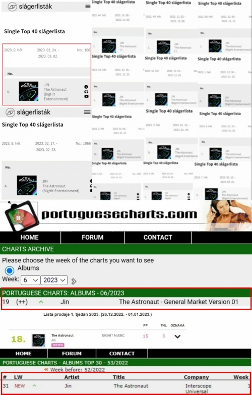 또 다른 유럽 도시, 헝가리와 크로아티아, 포루투칼에서도 진의 인기는 독보적이다. 진의 솔로곡 '디 애스트로넛'은 헝가리 2023년 9주차 헝가리 '싱글 톱 40 차트(Hungary's Single Top 40 Chart)'에서 아시아 솔로 최장 신기록인 14주 차트인을 기록하며 범접할 수 있는 인기를 입증하고 있다.
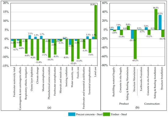 The median differences per construction components in Figure 8b reflect the specific levers of the impact changes. The structural timber system impacts have important reductions in the structure and concrete in situ supply and execution. The concrete and backfilling materials requirements are smaller as the underground components’ dimensions are adapted to the lighter above-ground structure. For the precast concrete system, the impacts shift due to a higher usage of concrete and lower use of steel.
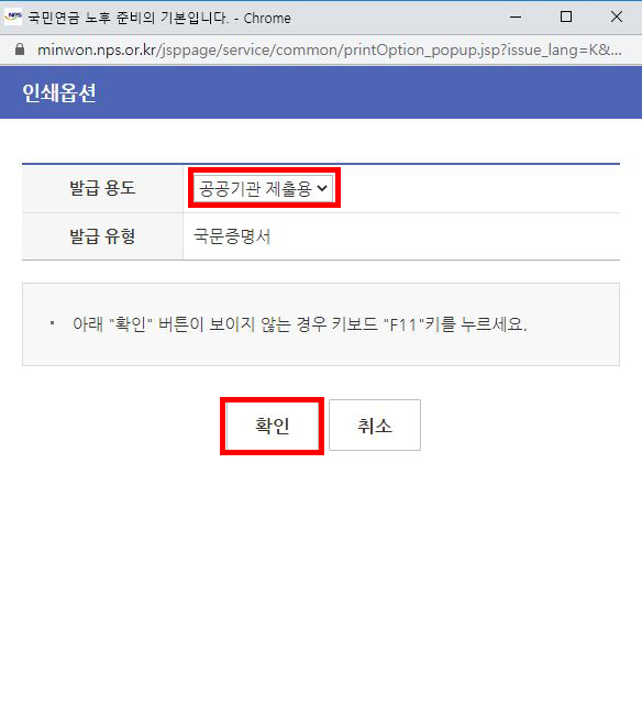 저는 프린터발급을 선택했는데요. 개인, 공공기관, 금융기관 등의 발급 용도에 맞게 체크하세요.
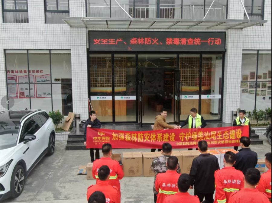 1 月 26日,中华财险汕尾中心支公司为国有吉溪林场捐赠风力灭火机等一批森林防火物资,助力吉溪林场加强森林防火体系建设,守护绿美汕尾生态建设。
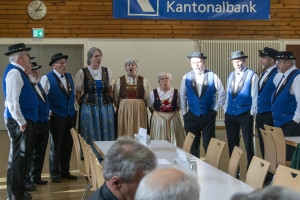 Da die Obmannschaft, bestehend aus Obmann Werner Imlig, Säckelmeister Godi Suter und Schryber Roger Beuchat, für eine dreijährige Amtsperiode bis 2027 gewählt ist und es keine ausserordentlichen Rücktritte gab, konnte zügig zu den Ehrungen der anwesenden über 80-jährigen Veteranen übergegangen werden. Insgesamt 16 über 80-jährige Veteranen wurden mit einem feinen Tropfen geehrt. Unter anderen auch die Ältesten mit Jahrgang 1940, Hans Thierstein und Walter Burgdorfer. Nach dem offiziellen Teil wurde ein feines Essen serviert und beim gemütlichen Zusammensein pflegten die Veteranen die vielzitierte Schwingerkameradschaft.
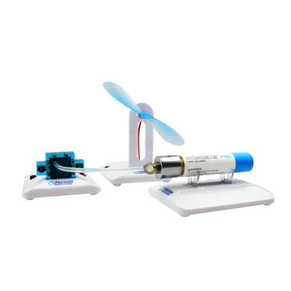 Explore the future of energy storage with Horizon’s Micro Fuel Cell Kit. Power a mini turbine by converting solid state hydrogen in the HYDROSTIK PRO metal hydride cartridge into electrical energy via a Horizon PEM fuel cell. Kids can see the effect as the hydride slowly cools and releases hydrogen into the fuel cell. The process is a model for all micro fuel cell systems— a working example of solid hydrogen storage that can lead to many interesting and creative application ideas.
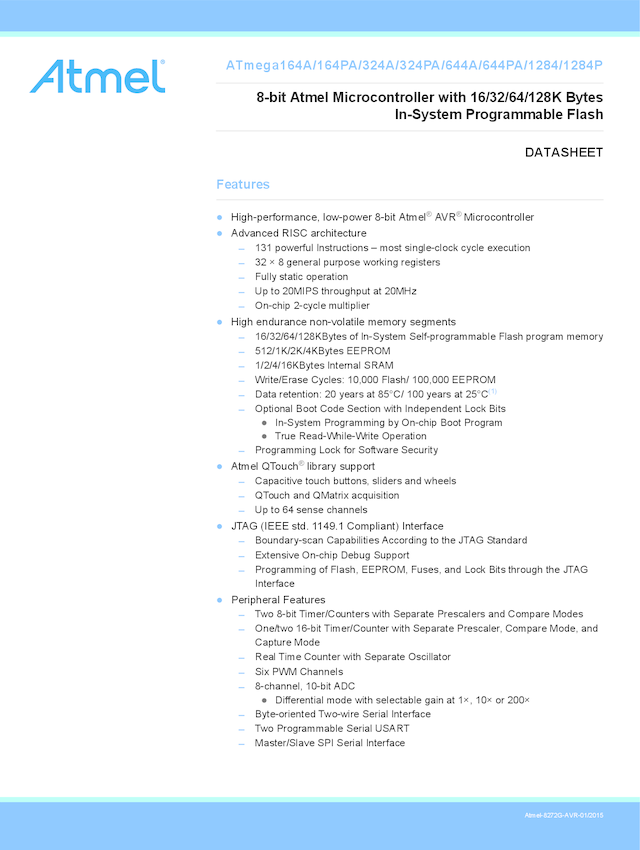 - ATMEGA1284-A, ATMEGA1284-M, ATMEGA1284-P, ATMEGA1284P-A, ATMEGA1284P-M, ATMEGA1284P-P, ATMEGA164A-A, ATMEGA164A-M, ATMEGA164A-P, ATMEGA164PA-A, ATMEGA164PA-M, ATMEGA164PA-P, ATMEGA324A-A, ATMEGA324A-M, ATMEGA324A-P, ATMEGA324PA-A, ATMEGA324PA-M, ATMEGA324PA-P, ATMEGA644A-A, ATMEGA644A-M, ATMEGA644A-P, ATMEGA644PA-M, ATMEGA644PA-P
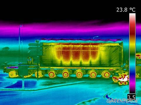 圖說:我們身邊所有的機器,都是可以關掉的。無論是電風扇、電腦、電鍋,只要把電源拔掉,它就停了。但是有一種機器是關不掉的,那就是核能發電廠的核子反應爐。就算停機、不想發電了,燃料總是欲罷不能,還會持續放射巨大能量,稍一不慎,要是冷卻系統失效,它甚至會引發爆炸。2013 年日本福島 (Fukushima) 的核電廠爆炸就是個實例。這就是核廢料的特性。就算「燒完了」,不能發電了,還要持續放出「衰變熱」(decay heat) 幾百年,甚至更久。這些核廢料成為人類文明的燙手山芋,連科技最先進的國家都找不到放心的處置方法。所以,各國的政府往往都偷偷摸摸,背著人民運輸這些核廢料。以上這些圖片是德國運輸核廢料的交通工具,途中總是要引起人民非常劇烈的抗議及阻撓。中間那張 [1] 是一般的可見光照片,左邊 [2] 和右邊 [3] 兩張是遠紅外線(又稱熱線)照片。照片上以顏色來代表溫度,至於顏色跟溫度對應的方式,每個攝影裝置都略有不同。
——
● YOUR TASK
Omitting the pictures, copy each record above exactly as it stands.

● THE COMPLETED TASK
 또 다른 유럽 도시, 헝가리와 크로아티아, 포루투칼에서도 진의 인기는 독보적이다. 진의 솔로곡 '디 애스트로넛'은 헝가리 2023년 9주차 헝가리 '싱글 톱 40 차트(Hungary's Single Top 40 Chart)'에서 아시아 솔로 최장 신기록인 14주 차트인을 기록하며 범접할 수 있는 인기를 입증하고 있다.
 The median differences per construction components in Figure 8b reflect the specific levers of the impact changes. The structural timber system impacts have important reductions in the structure and concrete in situ supply and execution. The concrete and backfilling materials requirements are smaller as the underground components’ dimensions are adapted to the lighter above-ground structure. For the precast concrete system, the impacts shift due to a higher usage of concrete and lower use of steel.
 저는 프린터발급을 선택했는데요. 개인, 공공기관, 금융기관 등의 발급 용도에 맞게 체크하세요.
 1 月 26日,中华财险汕尾中心支公司为国有吉溪林场捐赠风力灭火机等一批森林防火物资,助力吉溪林场加强森林防火体系建设,守护绿美汕尾生态建设。
 Da die Obmannschaft, bestehend aus Obmann Werner Imlig, Säckelmeister Godi Suter und Schryber Roger Beuchat, für eine dreijährige Amtsperiode bis 2027 gewählt ist und es keine ausserordentlichen Rücktritte gab, konnte zügig zu den Ehrungen der anwesenden über 80-jährigen Veteranen übergegangen werden. Insgesamt 16 über 80-jährige Veteranen wurden mit einem feinen Tropfen geehrt. Unter anderen auch die Ältesten mit Jahrgang 1940, Hans Thierstein und Walter Burgdorfer. Nach dem offiziellen Teil wurde ein feines Essen serviert und beim gemütlichen Zusammensein pflegten die Veteranen die vielzitierte Schwingerkameradschaft.
 Explore the future of energy storage with Horizon’s Micro Fuel Cell Kit. Power a mini turbine by converting solid state hydrogen in the HYDROSTIK PRO metal hydride cartridge into electrical energy via a Horizon PEM fuel cell. Kids can see the effect as the hydride slowly cools and releases hydrogen into the fuel cell. The process is a model for all micro fuel cell systems— a working example of solid hydrogen storage that can lead to many interesting and creative application ideas.
 - ATMEGA1284-A, ATMEGA1284-M, ATMEGA1284-P, ATMEGA1284P-A, ATMEGA1284P-M, ATMEGA1284P-P, ATMEGA164A-A, ATMEGA164A-M, ATMEGA164A-P, ATMEGA164PA-A, ATMEGA164PA-M, ATMEGA164PA-P, ATMEGA324A-A, ATMEGA324A-M, ATMEGA324A-P, ATMEGA324PA-A, ATMEGA324PA-M, ATMEGA324PA-P, ATMEGA644A-A, ATMEGA644A-M, ATMEGA644A-P, ATMEGA644PA-M, ATMEGA644PA-P
 圖說:我們身邊所有的機器,都是可以關掉的。無論是電風扇、電腦、電鍋,只要把電源拔掉,它就停了。但是有一種機器是關不掉的,那就是核能發電廠的核子反應爐。就算停機、不想發電了,燃料總是欲罷不能,還會持續放射巨大能量,稍一不慎,要是冷卻系統失效,它甚至會引發爆炸。2013 年日本福島 (Fukushima) 的核電廠爆炸就是個實例。這就是核廢料的特性。就算「燒完了」,不能發電了,還要持續放出「衰變熱」(decay heat) 幾百年,甚至更久。這些核廢料成為人類文明的燙手山芋,連科技最先進的國家都找不到放心的處置方法。所以,各國的政府往往都偷偷摸摸,背著人民運輸這些核廢料。以上這些圖片是德國運輸核廢料的交通工具,途中總是要引起人民非常劇烈的抗議及阻撓。中間那張 [1] 是一般的可見光照片,左邊 [2] 和右邊 [3] 兩張是遠紅外線(又稱熱線)照片。照片上以顏色來代表溫度,至於顏色跟溫度對應的方式,每個攝影裝置都略有不同。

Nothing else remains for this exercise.